Il rinvenimento fortuito, di fronte ad un martini bianco, tra una bottiglia di scotch ed una di vodka, di uno Strombus bubonis fossile, incrostato di arenaria grigia fossilifera, ha reso il soggiorno, anche quello interno e ricreativo, più interessante perchè finalizzato al raggiungimento di quell’esemplare.
Lo Strombus è un fossile guida, ne sono certo, perchè è un ospite caldo del Mediterraneo e quindi è stato presente per pochi frangenti nelle acque chiuse del Mare Nostrum. Raggiungo il mio obiettivo solo verso la fine della vacanza, offrendo 15 dinari al capo bar. Egli accetta subito: 7 euro (Step 7).
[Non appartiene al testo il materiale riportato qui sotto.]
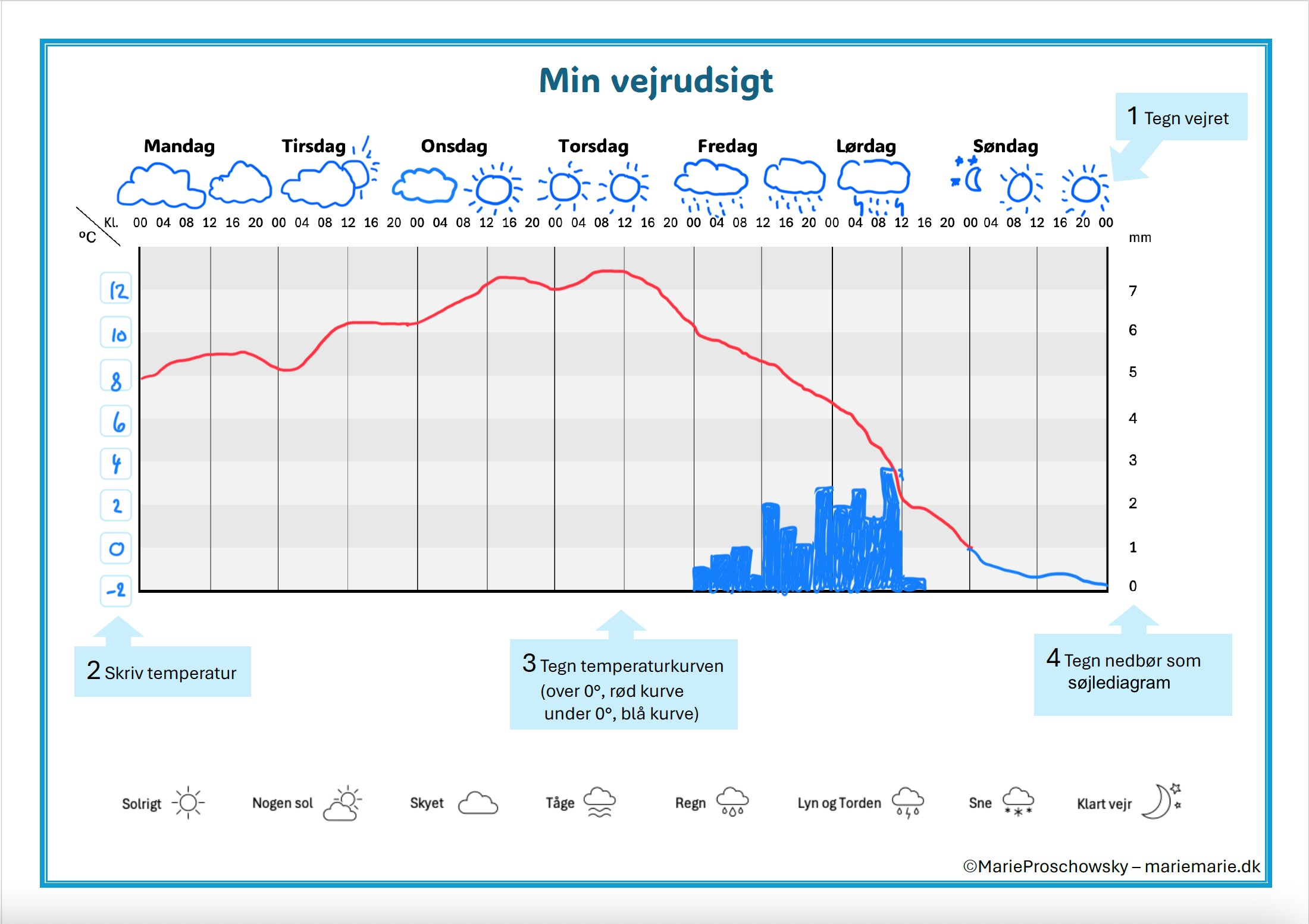 - Tegn vejret. Eleverne skal først tegne de forskellige vejrsymboler under ugedagene. Symbolerne vises nederst på arket, som inspiration til hvilke der kan tegnes.
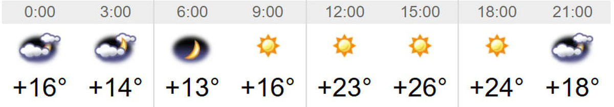 Швидкість вітру – 1-4 м/с. Вологість повітря коливатиметься між 34 та 73 відсотками протягом доби. Тривалість дня 16 вересня – 12 годин 34 хвилини. Завтра день буде на 3 хвилини коротшим, ніж сьогоднішній. Світанок настане о 6:31, а захід – о 19:05.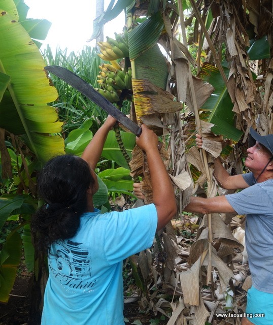 Voilà, nous l’avons trouvé. Laura coupe l’arbre délicatement afin de ne pas faire tomber les bananes déjà bien jaunes.![]()

Gli obiettivi definiti dagli step 8 e 9, non sono facili da ricercare, perché essendo attuali non hanno riferimenti, se non le testimonianze delle persone, oppure indizi di resti al mercato.
Il mercato del venerdi offre soltanto un carapace completo di Testudo di piccole dimensioni, una tartaruga di circa 5-8 anni. Stessa specie rinvengo anche in uno shop a El Djem, in visita all’anfiteatro romano. Deduco quindi che la testuggine terrestre è specie comunemente diffusa nel territorio tunisino, perlomeno intorno a Mahdia. Le parole di un animatore italiano, assolutamente inesperto, confermano, alla mia domanda, la presenza di testuggini fino a ridosso della spiaggia: una vive sotto la baracca dei custodi!
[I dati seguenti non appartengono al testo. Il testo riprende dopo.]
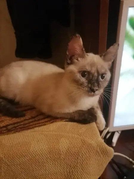 Тайская кошечка, возможно потерялась! К сожалению фото не очень, делали в темноте. Очень красивая кошка, с голубыми глазами, окрас по породе, бежево-песочный, хвос полосатый. Ищем старых или новых хозяев. Обработана от паразитов, обитает возле Магнит-Косметик на ул. Буденного, 147, между улицами Октябрьская и Кирова. Готовы подготовить к передаче (груминг и т. П.). Тел. +79184964960 Приложено фото из Интернета, кошка точно такая же, только одно ушко неровное, видимо было травмировано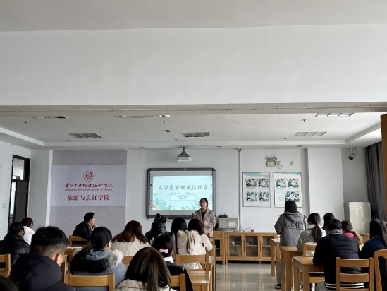 为了推动员工资助工作持续健康发展,引导员工诚信为人、诚信做事、诚信还贷,培养员工“以诚为本,以信立人”的诚信理念。12月21日,旅游与烹饪公司在图文楼912开展员工资助诚信教育主题讲座,辅导员杨天予为主讲人。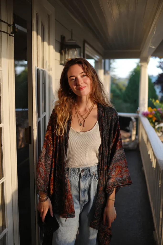 This look is the ultimate cool-girl combination of soft prints and relaxed denim for that perfect in-between weather. She is sporting a gorgeous, flowing kimono or duster jacket featuring a rich, dark paisley print with rust orange and brown tones that adds beautiful movement. Underneath the layer, she keeps it simple with a fitted, light beige or cream ribbed tank top featuring delicate lace trim at the neckline. The bottom half consists of light-wash, slightly loose-fitting jeans, perhaps a mom or straight-leg style, tucked at the waist. She accessorizes with a collection of layered gold necklaces for that essential boho touch.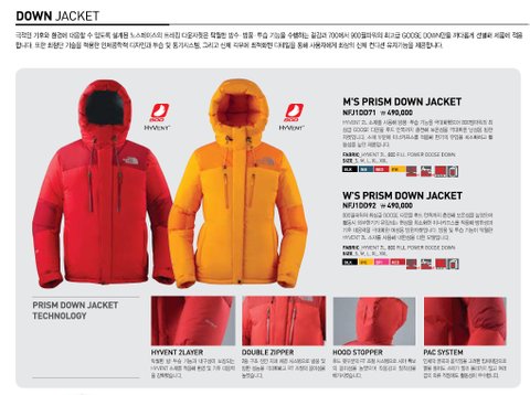 노스페이스'프리즘 구스다운자켓' 역시 하이벤트 소재를 사용해 발수, 방풍 및 투습 기능을 극대화했다. 800필파워의 최상급 구스 다운을 적용, 열 손실이 많고 체온유지가 필요한 머리와 가슴 부분에 다운 양을 보강해 보온 기능을 높였다. 후드 뒷부분에는 후드 스토퍼(HOOD STOPPER)를 달아 시야 확보의 용이성과 착용감, 밀착감을 배가시켰다. 또 풍부한 볼륨감과 이에 따른 공기층 확보로 보온성을 높였으며, 부드러운 안감을 사용해 착용시 다운의 볼륨이 신체의 굴곡을 따라 감싸주어 한결 포근하다.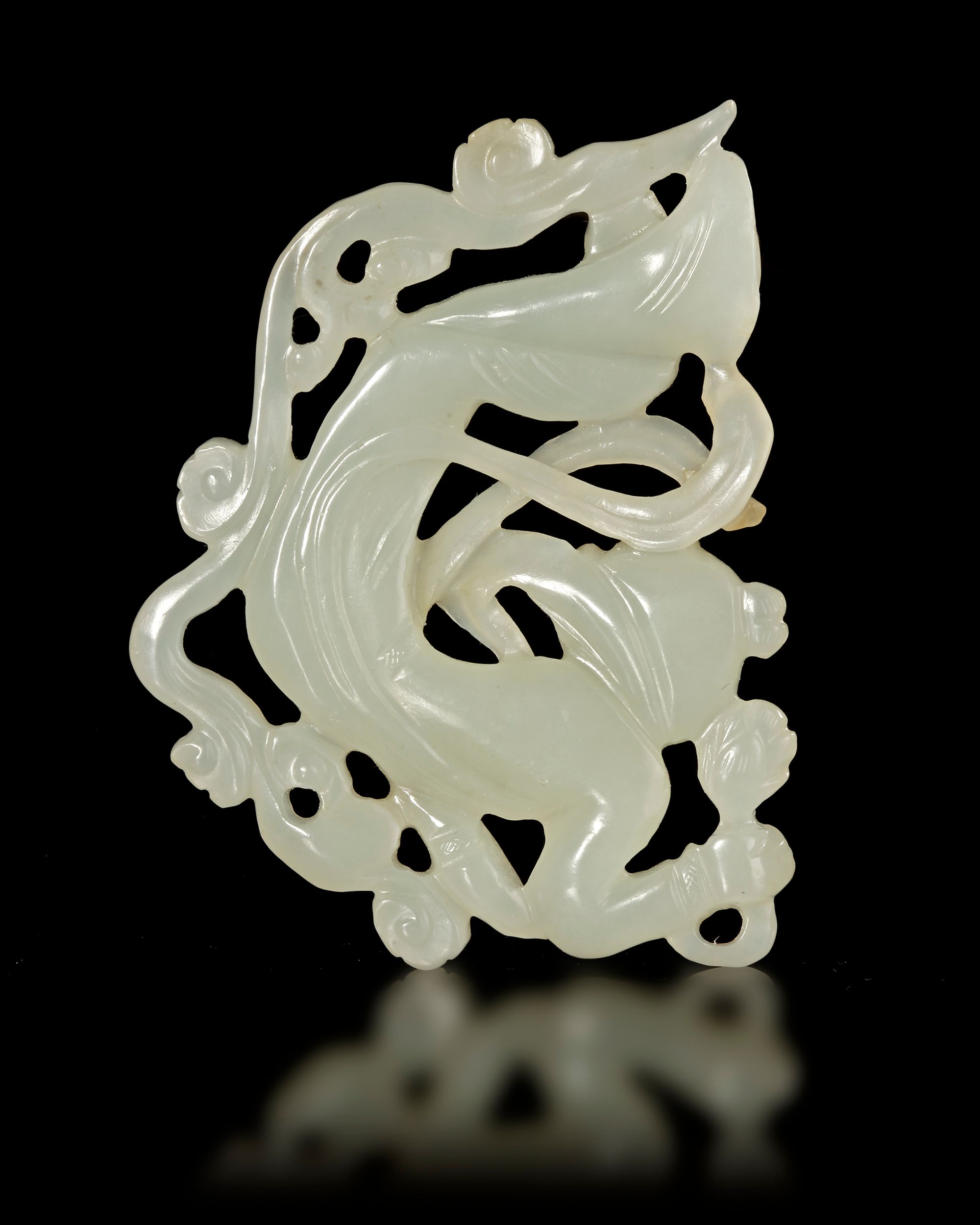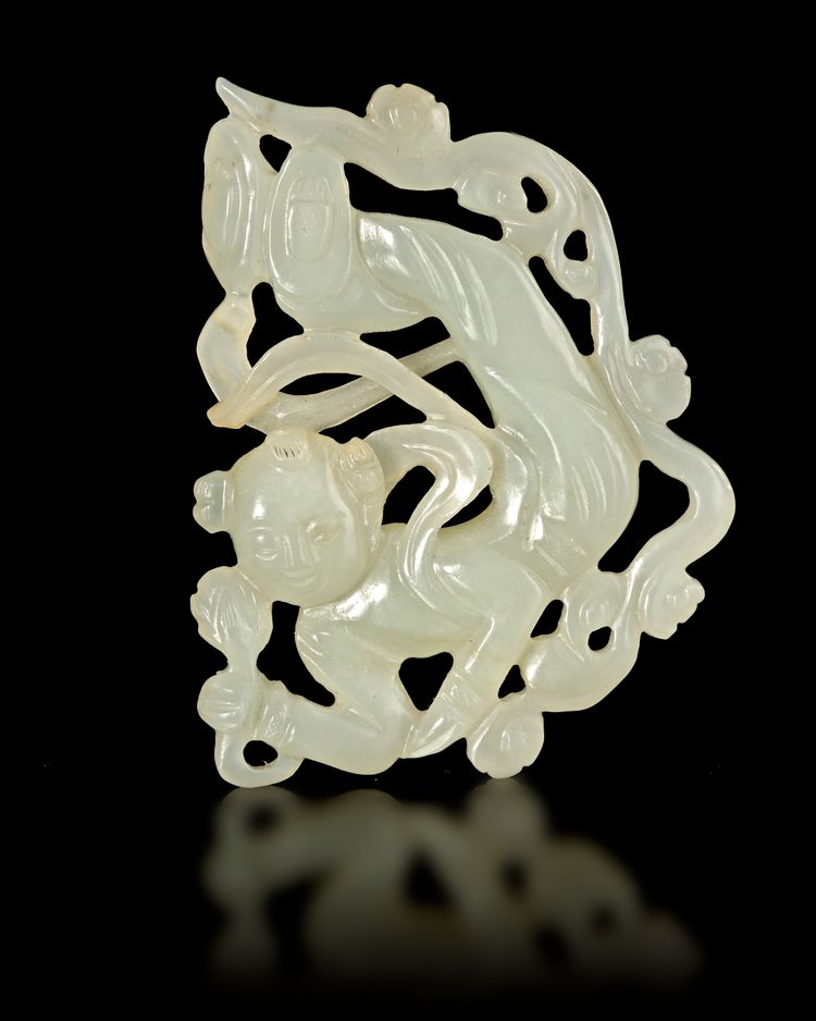 Finely carved openwork pendant in white jade depicting an elegant apsara (celestial dancer) surrounded by flowing ribbons and stylized clouds. The delicate carving and fluid movement reflect the refined aesthetic of Ming dynasty jade craftsmanship. The stone shows a soft, translucent white tone with natural inclusions that enhance its character.

Ma non è ciò che cerco, quello che voglio sono resti scheletrici di Caretta caretta.
Così, senza indicazione alcuna, se non quella di un altro animatore, esperto di catamarano, che mi conferma di averne visto un esemplare in mare, mi addentro lungo la spiaggia, verso il centro della città, dove tra gli scogli, e i mille rifiuti che purtroppo accompagnano il litorale tunisino, scorgo la metà sinistra di un carapace di tartaruga marina, non molto grande, ma comunque integro. La riconosco per la forma delle costole che dall’interno del carapace risultano ben visibili. Raggiungo il reperto, lo capovolgo vedendo che il carapace è stato dipinto accuratamente come fosse uno scudo, poi buttato in mare. Accessorio ornamentale di una barca? Ornamento di una casa marina? Forse. Sta di fatto che ne prelevo una costola integra, raggiungendo incredibilmente lo Step 8.
Sono soddisfatto, descrivo i miei ritrovamenti, ammiro i fossili e le conchiglie, e senza più la frenesia di collezionare mi dedico alla vacanza nel vero senso della parola. Ma la fortuna vuole proprio premiarmi.
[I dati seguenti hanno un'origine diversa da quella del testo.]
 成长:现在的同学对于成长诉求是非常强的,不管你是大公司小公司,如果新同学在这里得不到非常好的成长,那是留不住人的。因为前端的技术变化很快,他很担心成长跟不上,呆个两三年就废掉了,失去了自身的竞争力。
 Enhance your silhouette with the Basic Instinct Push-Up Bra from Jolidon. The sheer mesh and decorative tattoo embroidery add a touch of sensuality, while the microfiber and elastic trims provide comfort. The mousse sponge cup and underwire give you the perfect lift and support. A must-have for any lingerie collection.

Mi iscrivo inspiegabilmente ad un torneo di Beach Tennis. Chiamato a giocare in coppia, mi impegno passando il primo turno. Torno dopo una doccia allo sdraio di famiglia e dopo un’ora circa ritorno al campo per la seconda partita. Raggiungo le squadre e ai loro piedi scorgo un grosso cranio.
Perdo la parola.
Guardo i presenti e titubante chiedo: di chi è? Mi rispondono: cosa? Il cranio, questo cranio, e lo prendo emozionato tra le mani. Mi guardano allibiti e mi rispondono, lo abbiamo buttato lì noi, per non finirci sopra giocando. Stava là. A bordo campo.
Riguardo tutti e chiedo: lo posso prendere io? Se ci tieni!
Sapete cos’è? No. Un cranio. Si, ma di cosa? Di una tartaruga marina, della specie Caretta caretta. Introvabile. Raro. Sapete quanto vale? No. Meglio.
Ok, allora me lo tengo io, va bene? Si (Step 9).
Perdo la semifinale, ma sono comunque felice. Forse ho perso proprio perché ero appagato, o forse no. Sta di fatto che per qualche istante ho pensato di essere vittima di una candid camera.
Torno allo sdraio, mostro il cranio a tutti gli interessati e poi mentre lo guardo penso: è integro, ben conservato e recente. E se ci fosse il resto dello scheletro? Vado a vedere nel pomeriggio, scandaglio tutta l’area di retro duna interessata e ritrovo solo un singolo osso, un radio probabilmente. Uno Step oltre ogni previsione.